With these advantages also come potential downsides: Wikipedia, or any potential external knowledge
source, will probably never be entirely factual and completely devoid of bias. Since RAG can be
employed as a language model, similar concerns as for GP

In [20]:
import boto3
from langchain_aws import BedrockEmbeddings, ChatBedrockConverse

bedrock_client = boto3.client(
    service_name="bedrock-runtime",
    region_name="us-east-1" # Use your region
)

# Initialize the Bedrock LLM (Example using Claude 3 Haiku)

# Initialize the Bedrock LLM using ChatBedrockConverse (which uses Messages API)
llm = ChatBedrockConverse(
    model_id="us.anthropic.claude-sonnet-4-20250514-v1:0", # The model ID that caused the error previously
    client=bedrock_client,
    max_tokens=512,        # <-- Pass max_tokens directly
    temperature=0.1 
    # Note: Use 'max_tokens' instead of 'max_tokens_to_sample' for new models/APIs
    #model_kwargs={"max_tokens": 512, "temperature": 0.1}
)


In [26]:
from langchain_core.prompts import ChatPromptTemplate
from langchain_core.output_parsers import StrOutputParser
from langchain_core.runnables import RunnablePassthrough

retriever = db.as_retriever(search_kwargs={"k": 3})


# --- 3. Define the RAG Prompt Template (Optimized for Chat Models) ---

# Chat models prefer system prompts and specific message roles.
# Use MessagesPlaceholder for more complex chat history handling if needed,
# but for basic RAG, we stick to system/human roles.
rag_prompt = ChatPromptTemplate.from_messages(
    [
        (
            "system",
            "You are a helpful AI assistant.\n\nContext: {context}",
        ),
        ("human", "{question}"),
    ]
)


# --- 4. Build and Run the RAG Chain ---
rag_chain = (
    {"context": retriever, "question": RunnablePassthrough()}
    | rag_prompt
    | llm
    | StrOutputParser()
)

question = "Who is elon musk?"
print(f"Asking question: {question}\n")

# Invoke the chain
response = rag_chain.invoke(question)

print("Response from Bedrock LLM:")
print(response)

Asking question: Who is elon musk?

Response from Bedrock LLM:
I don't see any information about Elon Musk in the provided context documents.

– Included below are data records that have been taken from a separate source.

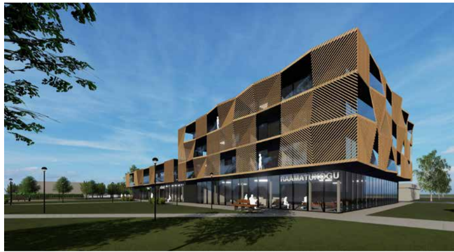
Kütise tänava poolt on hoone nelja-, eramute poolt kahekorruseline.
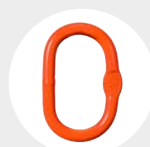
ARGOLA OVALADA Pág. 78
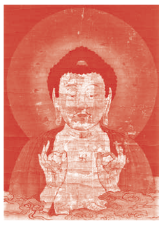
山越阿弥陀図(部分、光照寺蔵)
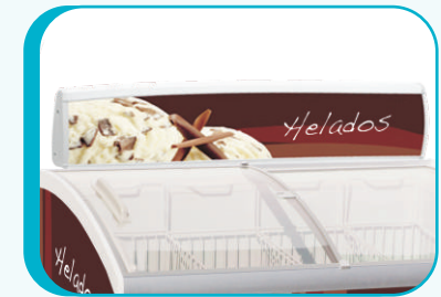
COPETE PROMOCIONAL OPCIONAL
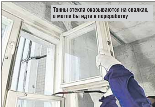
Тонны стекла оказываются на свалках, а могли бы идти в переработку

Большинство компаний по сбору вторсырья не берут старое стекло у жителей по той причине, что его некуда везти.

The documents appear to be from a research paper about RAG (Retrieval-Augmented Generation) models and contain references to academic work, but they don't contain biographical information about Elon Musk.

To answer your question about who Elon Musk is, I would need different source material that actually contains information about him. The current context focuses on machine learning research, specifically around question-answering systems and language models.